The antenna -- a 16-foot mesh paraboloid stretched over 18 umbrella-like ribs -- had been furled and hiding behind a small sunshade for the almost 18 months since launch, in which the spacecraft came closer to the sun than Earth and briefly closer even than Venus. Communications, including Venus and Earth-moon science data return, had been using the low-gain antennas.

Within minutes, Galileo's flight team, watching spacecraft telemetry 37 million miles away on Earth, could see that something was wrong: The motors had stalled, something had stuck, the antenna had opened only part way.

Within weeks, a tiger team had thoroughly analyzed the telemetry, begun ground testing and analysis, and presented its first report to Project Manager Bill O'Neil and a special anomaly review board chaired by Bud Schurmeier, retired associate director.

They attributed the problem to the sticking of a few antenna ribs due to friction between their standoff pins and their sockets. The first remedial action was taken -- turning the spacecraft to warm and expand the central tower, in hopes of freeing the stuck pins.

More than 100 people, within and outside JPL, contributed to testing, simulation, analysis, consultation and review.

The tiger team, led by Division 35 Manager Ron Ploszaj, includes Gary G. Coyle, antenna task manager, and a core group including Ron Reeve, Gun-Shing Chen, Walter Tsuha, Jim Staats, Paul Rapacz, Ken Smith, Mike Johnson, and many others -- experts in mechanical, thermal, electrical and systems interfaces.

"We had people from all across the board," said Matt Landano, deputy mission director.

The state of the antenna has been as well characterized as long-distance telemetry and laboratory tests will allow, according to antenna Task Manager Gary Coyle.

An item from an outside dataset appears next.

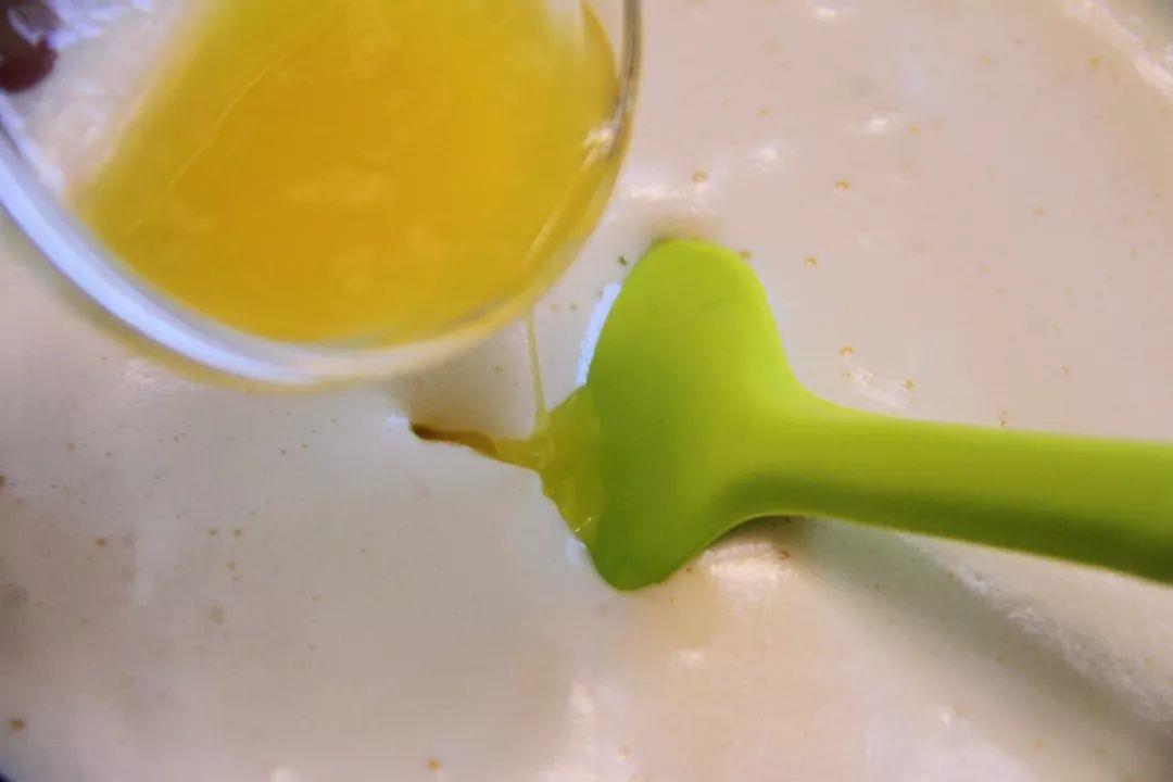 4、黄油隔水融化成液体状,顺着刮刀缓慢加入到全蛋液中,拌均匀。
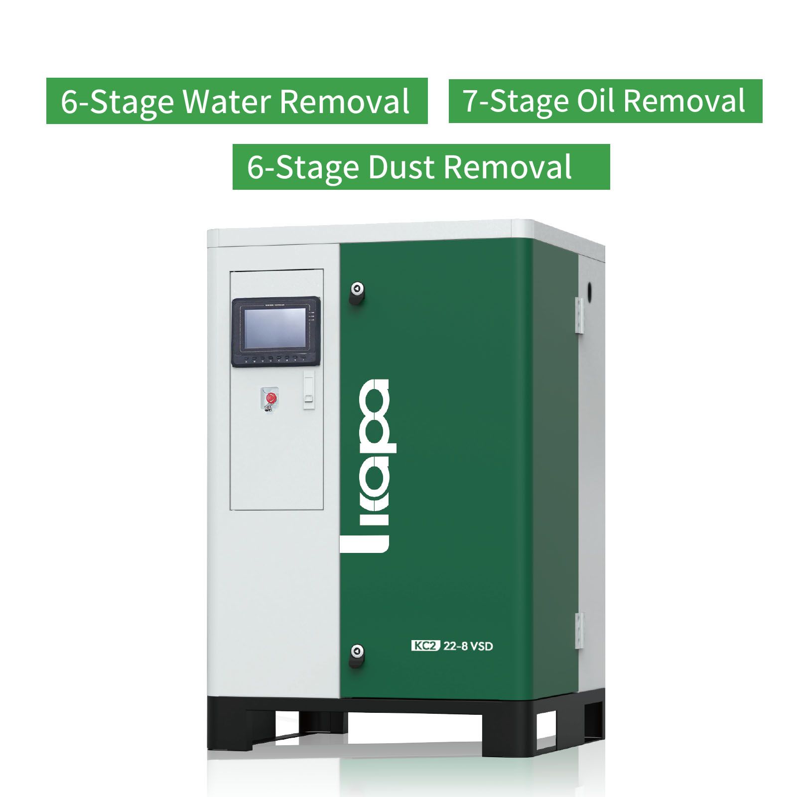 6-stage water removal, 7-stage oil removal, and 6-stage dust removal ensure absolute reliability.

The team is confident that nothing is broken and that three adjacent antenna ribs are stuck to the central tower by friction in their paired standoff pins, which are likely misaligned enough that one pin binds the upper side of its socket, its mate the lower.

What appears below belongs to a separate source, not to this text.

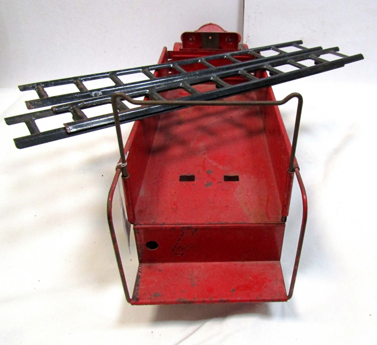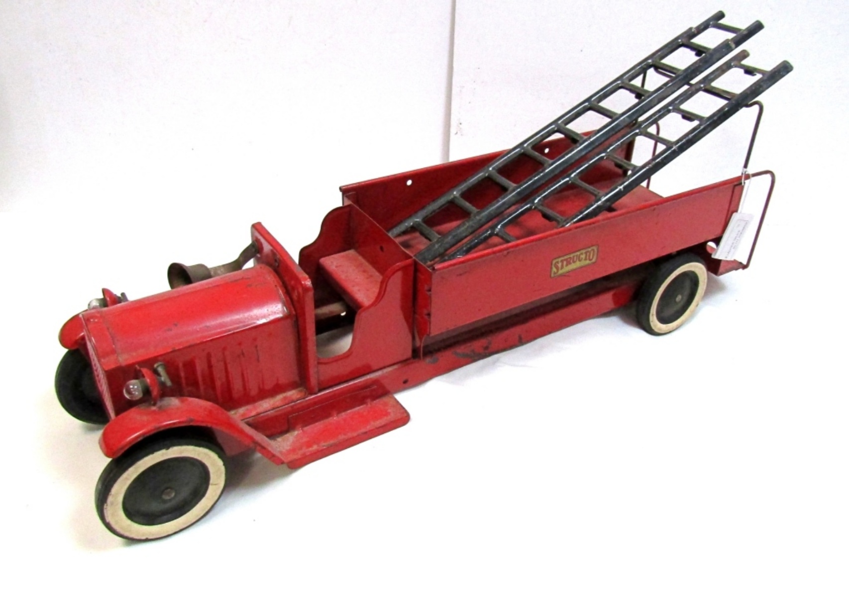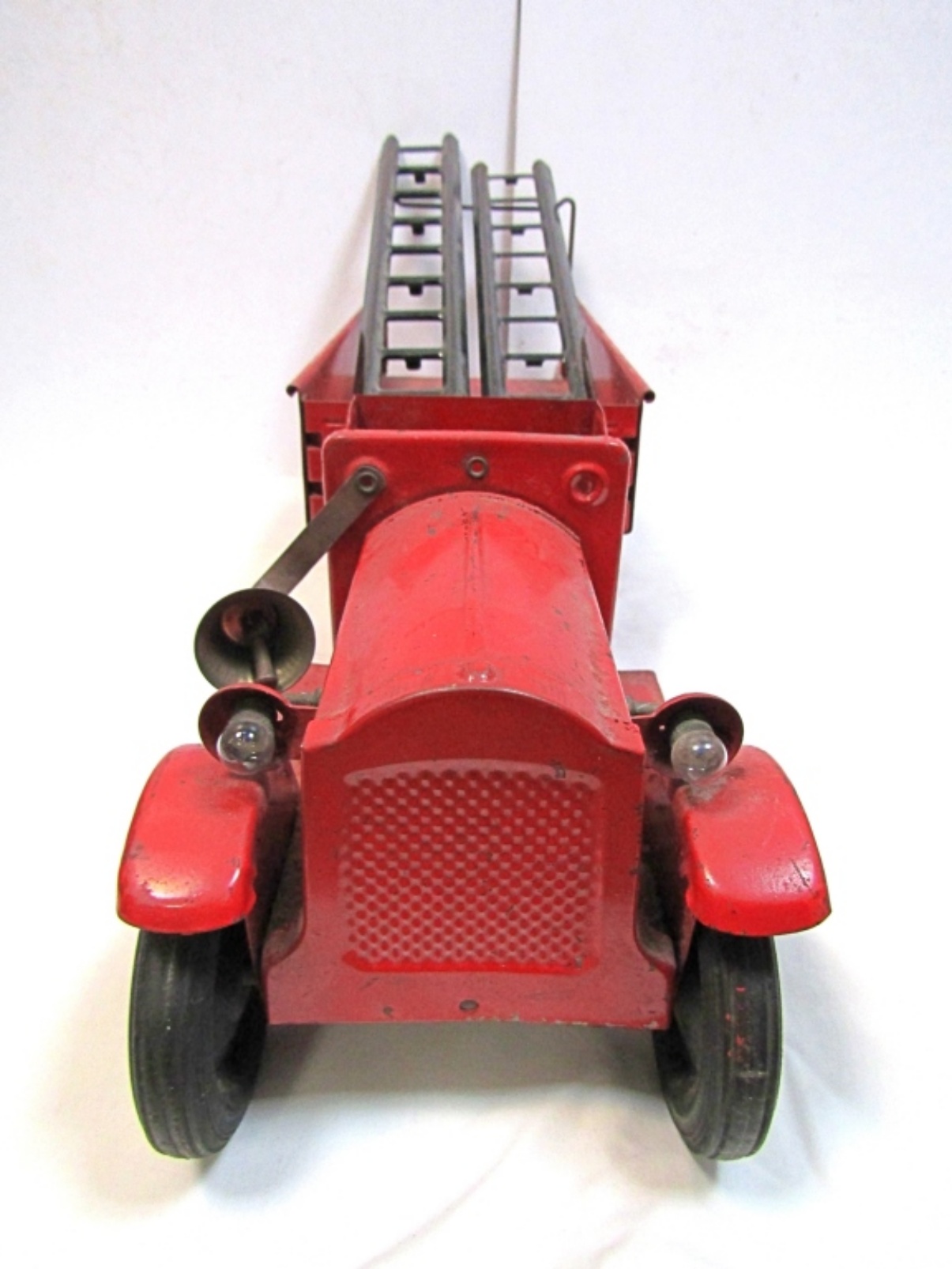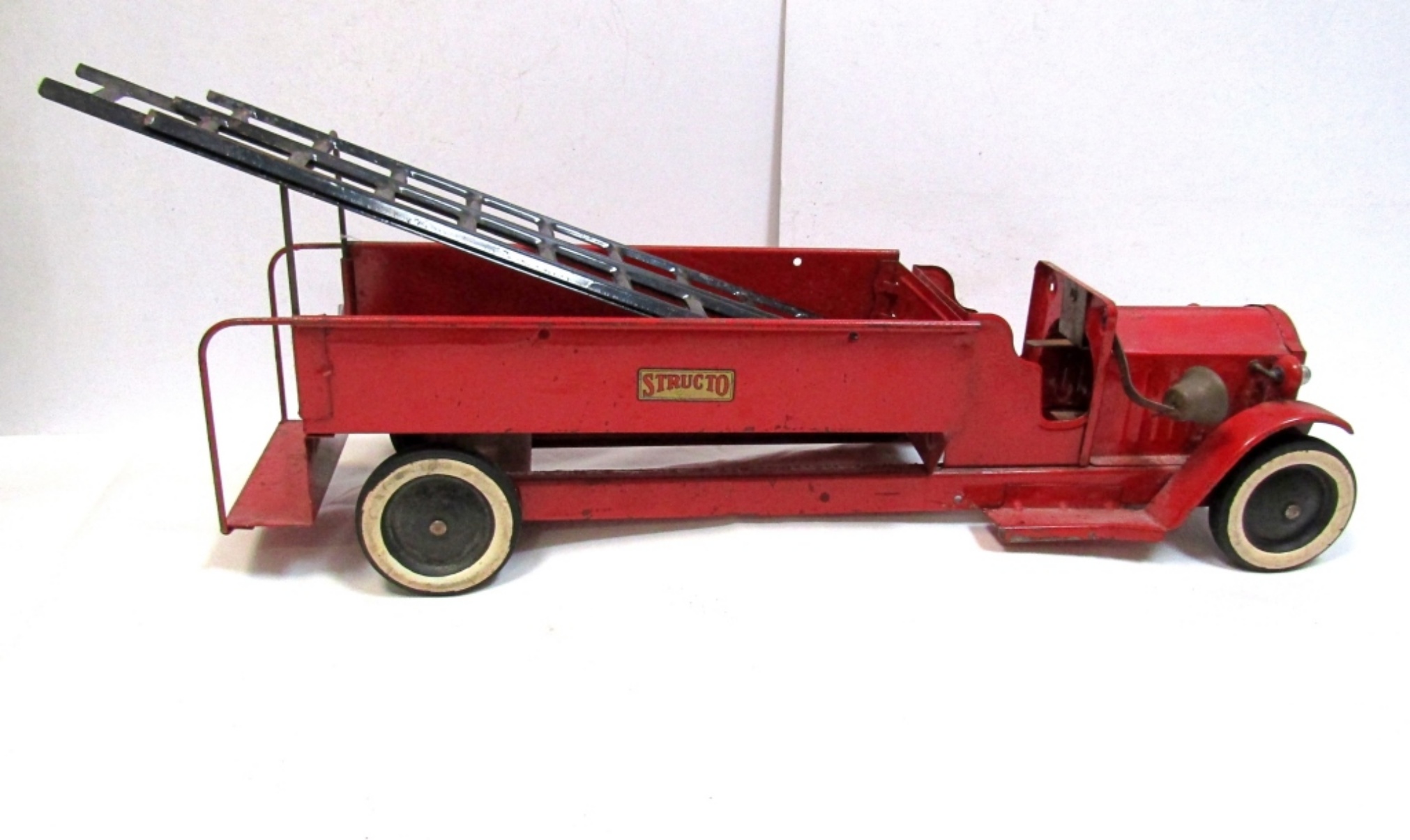 STRUCTO 1920’S PRESSED STEEL PAKCARD HOOK & LADDER TRUCK WITH LADDER, BELL & BOTH HEADLIGHTS. LIGHT RUST, DIRTY. IN GREAT SHAPE!

This led, in turn, to the hypothesis that repeated thermal cycling, warm-cool-warm-cool, can "walk" the paired pins out, freeing the ribs.

The flight team has maneuvered the spacecraft to warm the antenna in the dun four times beginning in May 1991, and to cool it six times between July and this April.

The next warm-cool cycle is underway: the team sent a command sequence June 25 that started a warming turn on June 29, followed by a cooling turn ending July 10.

Since the spacecraft was receding from the sun throughout 1991 (to a maximum of 211 million miles on Jan. 11, 1992), and is still more than 186 million miles from the heat source, warming has had a limited effect -- about 30 degrees Celsius (50 degrees Fahrenheit) each time. Cooling turns have tended to change the temperature by as much as 140 C (250 F), shrinking the antenna tower about one millimeter (1/25 inch).

While all this was going on, the flight team also conducted Galileo's flight mission, flying a two-year elliptical orbit between the first and second Earth gravity-assists.

Along the way, the spacecraft flew by and observed the asteroid Gaspra in October 1991, and transmitted the first-ever asteroid photo over the low-gain antenna soon after: another, higher resolution Gaspra image was received last month and released June 11 (Universe, June 19).

The team is also maintaining the health of the spacecraft and guiding it toward the December 1992 gravity-assist that will send it to its Jupiter encounter in 1995.

On April 29 the antenna-deploy motors were turned on for about two seconds (the first time since the anomaly) as a diagnostic experiment; the engineers confirmed their ideas about the state of the antenna.

In addition to thermal cycling, the tiger team has developed other ideas for loosening the stuck ribs: retracting the second low-gain antenna (on a pivoting boom), pulsing the antenna motors, and increasing the spacecraft spin rate to maximum 10 rpm (normally about 3 rpm).

Finally, in case the antenna remains stuck, technical teams have been studying a mission design to use the low-gain antenna for Jupiter science return, with atmospheric-probe and remote-sensing information stored on the tape recorder and slowly played back, an option the Project team described at the June 11 press conference.

Using advanced data-processing techniques in the spacecraft computers and advanced hardware and techniques on the ground, the engineers believe they can capture a significant fraction of the total planned Jupiter science data. However, they haven't ruled out freeing and using the high-gain antenna.

"Either way," said Project Manager Bill O'Neil, "Galileo will accomplish the majority of its objectives and will be the grandest planetary mission in this last decade of the century."